O autor de Sagarana (1946), João Guimarães Rosa (1908-1967), foi um dos maiores escritores da literatura brasileira. Não só escritor, mas sim prosador, isto é, um contador de histórias. Quando leio seus contos, imagino alguém me convidando a prestar muita atenção porque lá vem uma história que une fantasia e realidade e que, mesmo que mítica, não posso deixar de crer nela.

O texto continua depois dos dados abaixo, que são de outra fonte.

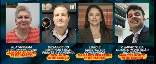 O Procon de Campo Mourão vai promover uma série de quatro lives para marcar a Semana do Consumidor. Começa nesta segunda-feira (19h) com a diretora do Procon Paraná. Cláudio Silvano vai falar sobre "Plataforma consumidor.gov.br. O presidente da Acicam, Ben-Hur Berbet, a advogado Dâmares Ferreira e o promotor Marcos Porto Soares são os outros convidados. Começa sempre às 19h, pelo Facebook.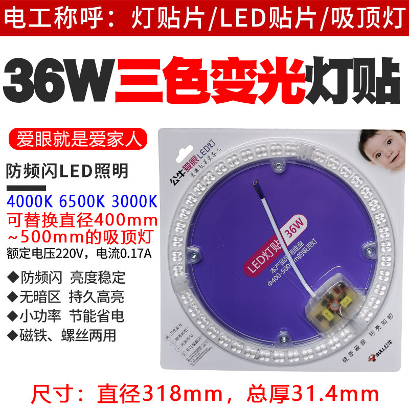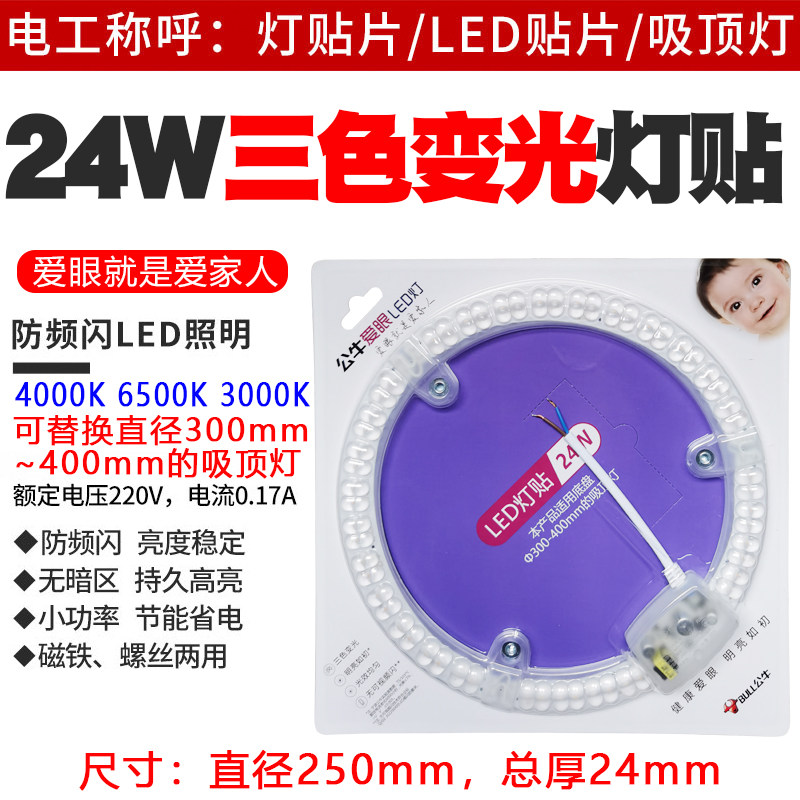Bull tricolor anti-strobe LED light sticker ceiling lamp wick round oblong lamp bead bulb strip
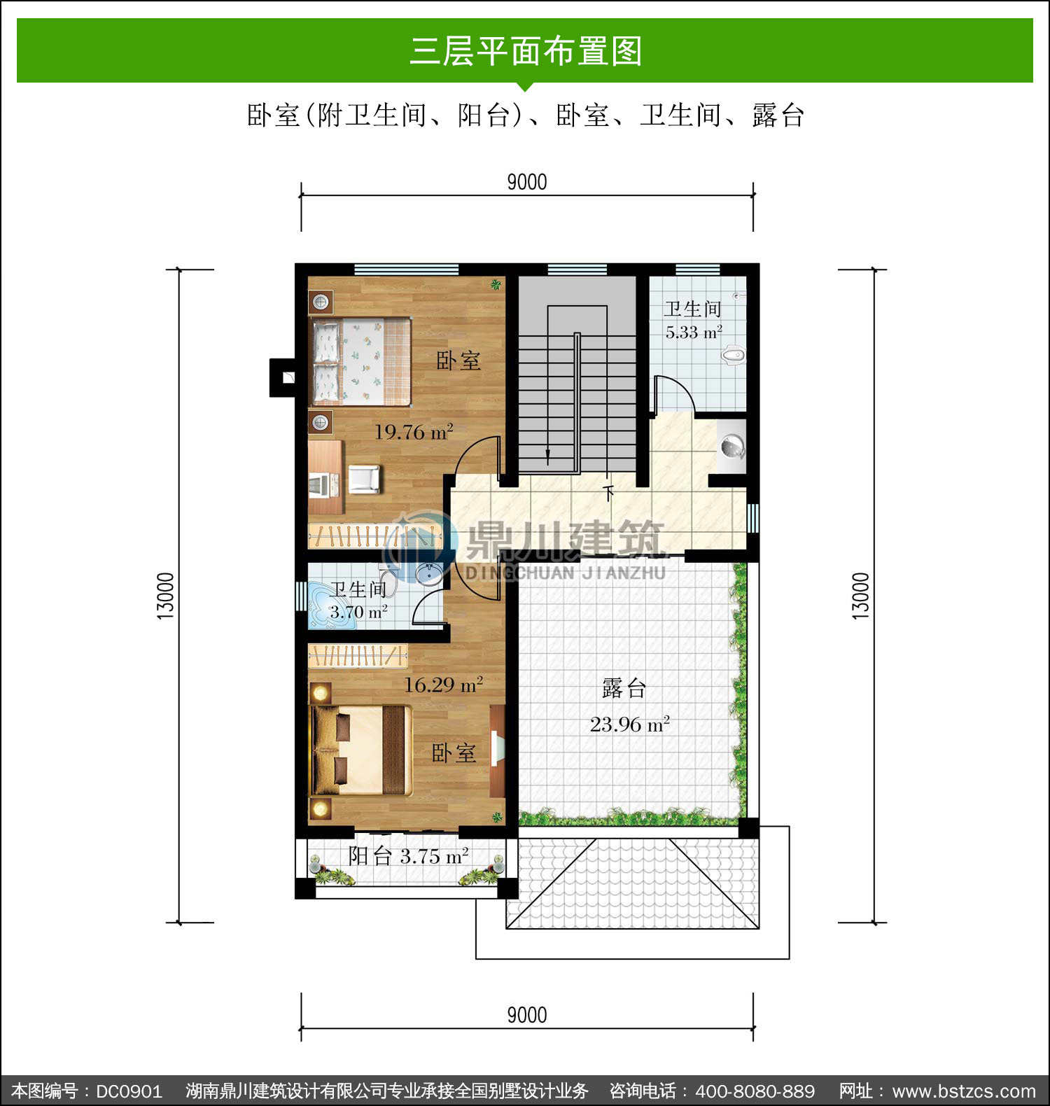 | 三 層: | 臥室(附衛(wèi)生間、陽臺)、臥室、衛(wèi)生間、露臺 | |||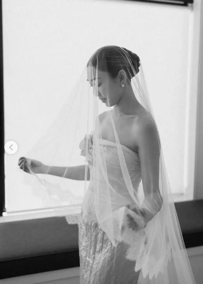 胡定欣昨日在IG連環發帖,先上載一襲婚紗獨照,型格姿勢配簡約頭紗。其後她再分享婚前準備花絮,相中酒店房中梳妝枱擺滿用品,身穿家居服的胡定欣已化好精緻妝容,未換婚紗仍難掩幸福光彩。她以英文感慨寫道:「上周五,真是完美美好的一天,我們選擇的吉日,希望一切順利。如願以償,尤其感謝紐西蘭的藍天白雲,時間、人物、地點都安排好了,但天氣卻無法提前預約。」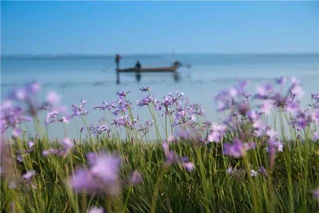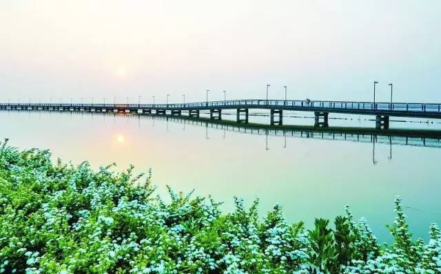 一泓湖水,一条长堤,环绕起一弯美丽的半岛。碧水蓝天,映着清风明月;红花绿树,满眼旖旎风光。不知名的小花开的正是俏丽,映的河面唯美浪漫。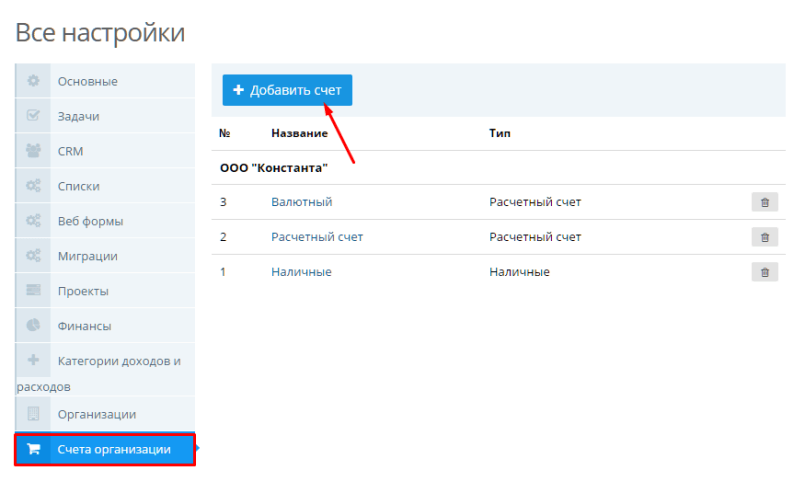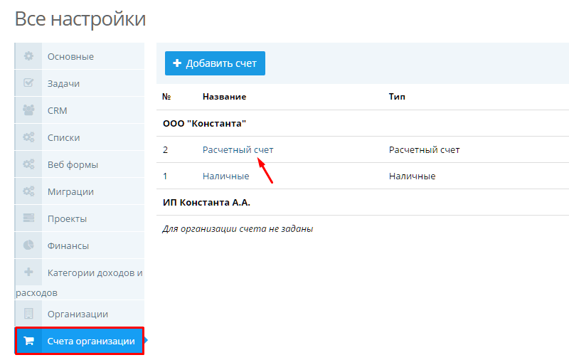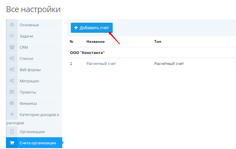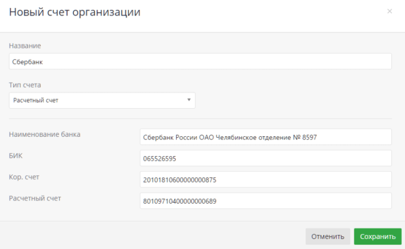 Теперь администратору портала необходимо создать расчетный счет для организации, который будет отображаться в счетах.

Guimarães Rosa era assim. Sua linguagem única, a ambientação sertaneja e suas histórias cativam gerações. Em 1967, três dias após a morte de Guimarães, Carlos Drummond de Andrade escreveu:

Guimarães Rosa

João era fabulista
fabuloso
fábula?
Sertão místico disparando
no exílio da linguagem comum?

“Projetava na gravatinha
a quinta face das coisas
inenarrável narrada?
Um estranho chamado João
para disfarçar, para farçar
o que não ousamos compreender?”

No poema Um chamado João, Drummond colocou a essência do autor. Classificado cronologicamente como um autor da 3ª geração modernista, para mim Rosa é a união perfeita das duas gerações anteriores do movimento. Isso porque ele une a invenção na linguagem com as preocupações regionais da 2ª geração (representada por autores como Graciliano Ramos e Jorge Amado).

Em 1930, Guimarães foi médico na cidade de Itaguara, interior de Minas Gerais. Lá, teve contado com a ambientação que trará para suas obras: as cores do interior, sua natureza, povo, lendas, modos de vida e linguagem. Numa entrevista, o autor reconheceu que trouxe para a literatura suas experiências profissionais:

Sim, fui médico, rebelde, soldado. […] Como médico, conheci o valor místico do sofrimento; como rebelde, o valor da consciência; como soldado, o valor da proximidade da morte. […] Também configuram meu mundo a diplomacia, o trato com cavalos, vacas, religiões e idiomas.

NOVAS MANEIRAS DE SENTIR E DE PENSAR

Ilustração de Poty Lazzarotto

Com relação aos idiomas, Guimarães se mostrava um mestre: ele conhecia mais de 24 línguas. Só quem conhece tanto sobre um idioma, pode se propor a desconstruí-lo como o autor fez. Sua linguagem única é reconhecível à primeira vista. Repleta de figuras de linguagem como neologismos, aliterações, assonâncias, metáforas, hipérbatos – é uma prosa pra ser declamada, possui ritmo, cadência – configura-se, assim, como uma prosa poética.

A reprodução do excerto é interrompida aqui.